C-GEM researchers developed a novel method called 3-Prime Adenosine-Retaining Aminoacyl–tRNA Isolation (PARTI), which determines precisely how much of a cellular tRNA is acylated, what it is acylated with, and whether it has been acylated once or twice. PARTI is an essential verification tool for optimizing the incorporation of non-canonical and expanded/alternative backbone monomers into proteins using genetic code expansion (GCE) in cells.

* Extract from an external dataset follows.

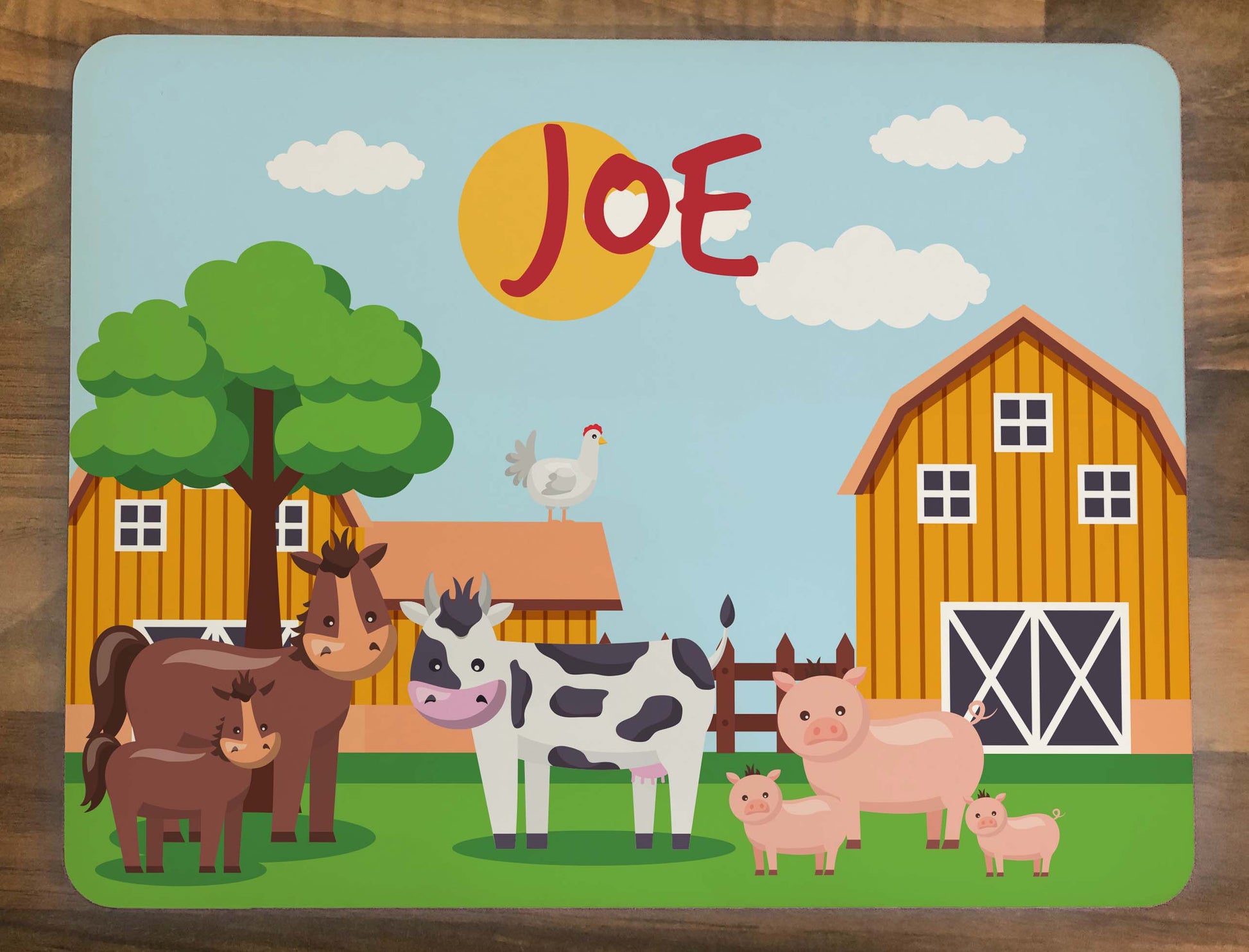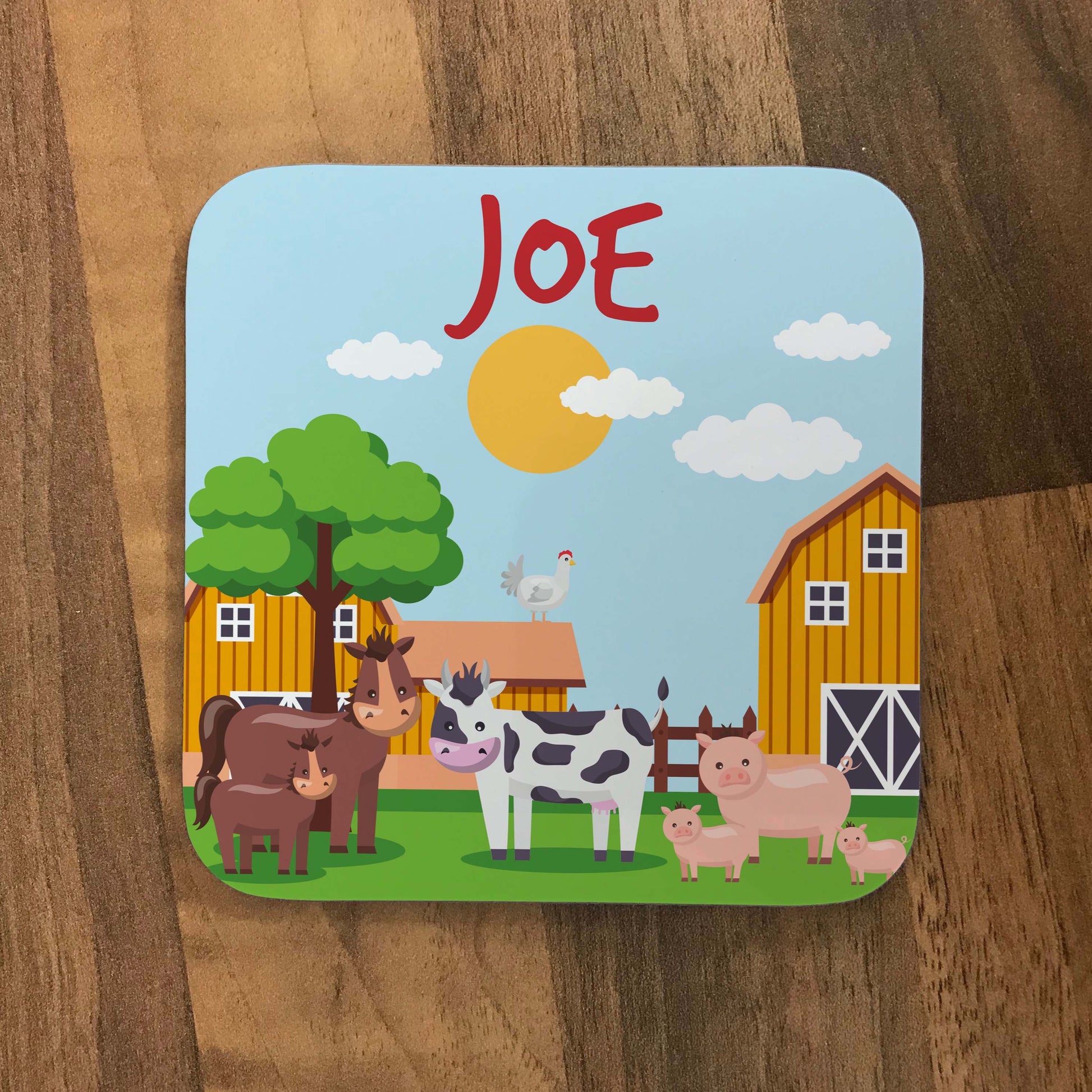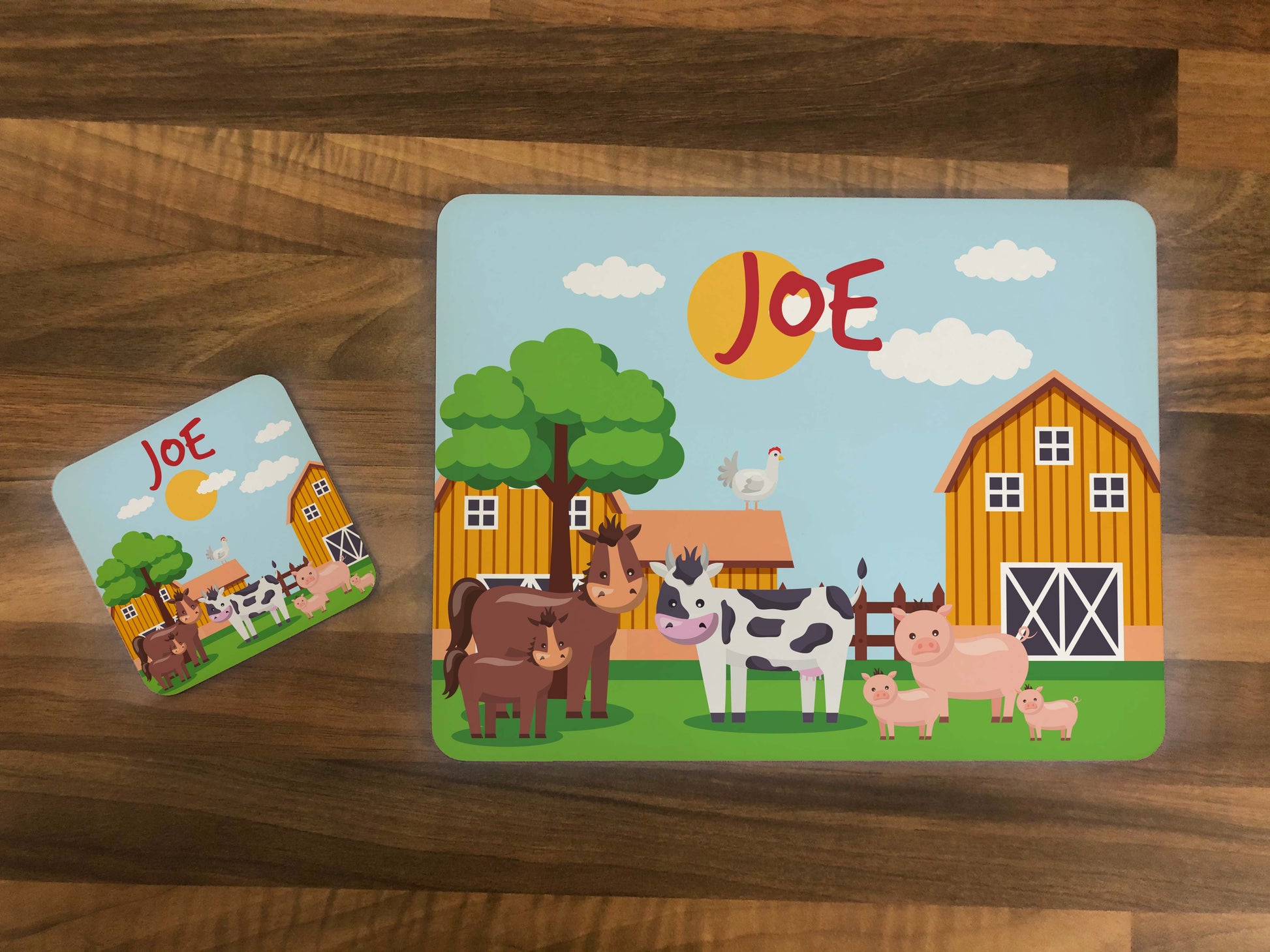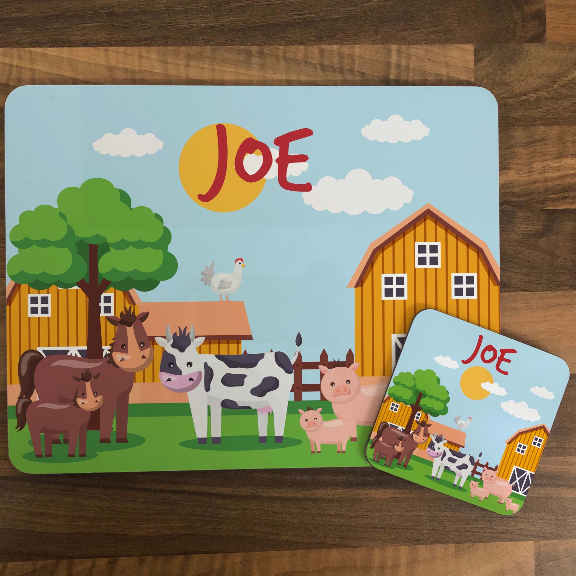 Personalised Kids Hardboard Placemat and Coaster Set Farm Design

This work was led by Meghan Pressimone (graduate student) in collaboration with Dr. Carly Schissel (Miller Postdoctoral Fellow), Isabella Goss (C-GEM SURP scholar, 2023), Dr. Cameron Swenson (UC Berkeley PhD, 2024), and Prof. Alanna Schepartz.

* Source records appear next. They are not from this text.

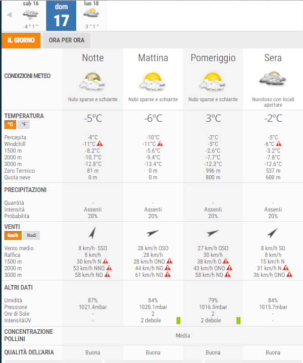 La temperatura massima registrata pare che sarà di 3°C, la minima di -6°C.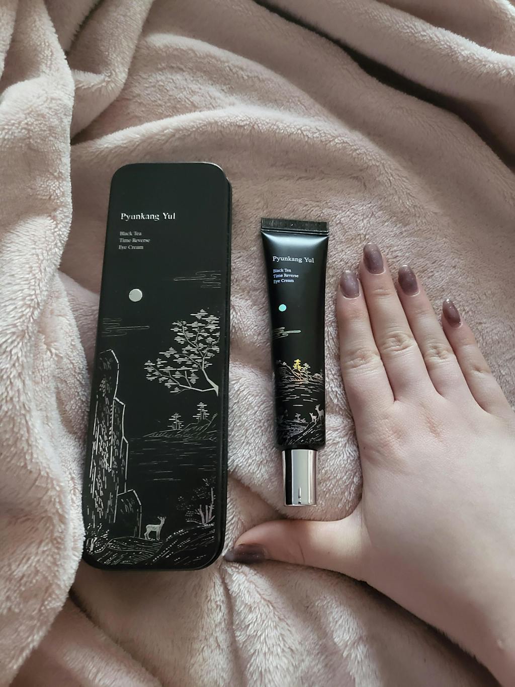 De Pyunkang Yul Black Tea Time Reverse Eye Cream is een geurloze, voedende oogcrème die gefermenteerde zwarte thee en papier-moerbeisextracten infuseert om het gebied onder de ogen te revitaliseren voor een vernieuwde look. Verrijkt met karitéboter, macadamia-olie, hyaluronzuur en ceramide om de vermoeide huid te voeden en tegelijkertijd vocht vast te houden. Helpt het verschijnen van rimpels en fijne lijntjes te verminderen. Geformuleerd met EWG-geverifieerde, veilige ingrediënten; huidirritatietest voltooid.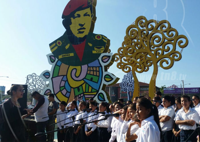 Al cumplirse cinco años de la desaparición física del gigante latinoamericano, el comandante Chávez, Nicaragua preparó un emotivo y significativo homenaje en la recién remozada rotonda que lleva su nombre en una de las avenidas principales de la capital Managua.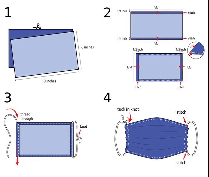 2020年,美国疾病预防和控制中心(Centers for Disease Control and Prevention,以下简称CDC)曾在官网上示范并教授3种方法自制简易布口罩。为了增强防护效果,还建议在自制口罩内再佩戴一只一次性外科口罩。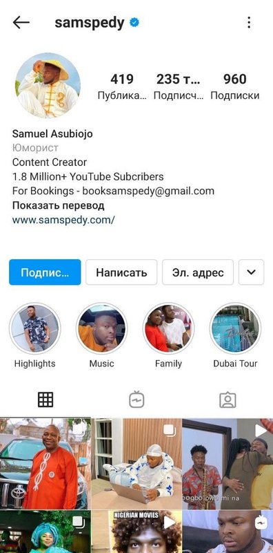 Samspedy (Samuel Asubiojo) - 26-летний нигерийский блогер миллионик. Свой первый YouTube-канал он создал 28 ноября 2012 года. С этого времени на его канале 1,88 миллионов подписчиков. А в 2019 году молодой человек получил золотую кнопку Ютуба (получают ее, когда канал достиг 1 000 000 подписчиков).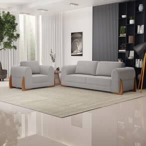 Que tal o Conjunto de Poltrona e Sofá Living Bloom 220cm 03 Lugares com Pés de Madeira?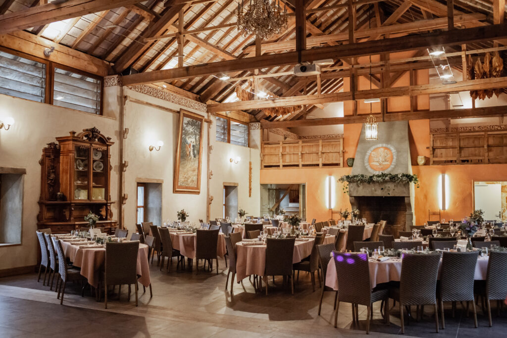 Ainsi, la charpente monumentale confère à la salle une présence rare. Les vitraux colorés diffusent une lumière douce et changeante au fil de la journée. Par ailleurs, la cheminée, impressionnante et sculpturale, apporte une touche chaleureuse à l’ensemble.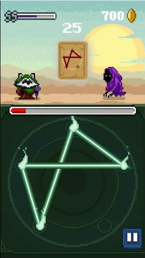 游戏出自开发商Ogre Pixel之手,此前他们曾经推出过一款名为《复古塔防》的塔防类游戏作品,而本作虽然与其在游戏类型上完全不同,但是却也同样的采用了复古的像素风格的游戏画面设计。在游戏中当玩家遇到了敌人之后,玩家需要用手指在屏幕上滑动将画面中的点连接成特定的图形才可以使用攻击技能,而且画图案的时间是有限的,玩家需要尽快完成才可以基于敌人更多的伤害,这在同类型的游戏作品中还是一种比较少见的玩法,相信还是能够给予玩家一种全新的游戏体验。

Abstract: We describe a new assay that reports directly on the acylation state of a user-chosen transfer RNA (tRNA) in cells. We call this assay 3-Prime Adenosine-Retaining Aminoacyl–tRNA Isolation (PARTI). It relies on high-resolution mass spectrometry identification of the acyl-adenosine species released upon RNase A cleavage of isolated cellular tRNA. Here we develop the PARTI workflow and apply it to understand three recent observations related to the cellular incorporation of non-α-amino acid monomers into protein: (i) the origins of the apparent selectivity of translation with respect to β2-hydroxy acid enantiomers; (ii) the activity of PylRS variants for benzyl derivatives of malonic acid; and (iii) the apparent inability of N-Me amino acids to function as ribosome substrates in living cells. Using the PARTI assay, we also provide direct evidence for the cellular production of 2′,3′-diacylated tRNA in certain cases. The ease and simplicity of the PARTI workflow should benefit ongoing efforts to study and improve the cellular incorporation of non-α-amino acid monomers into proteins.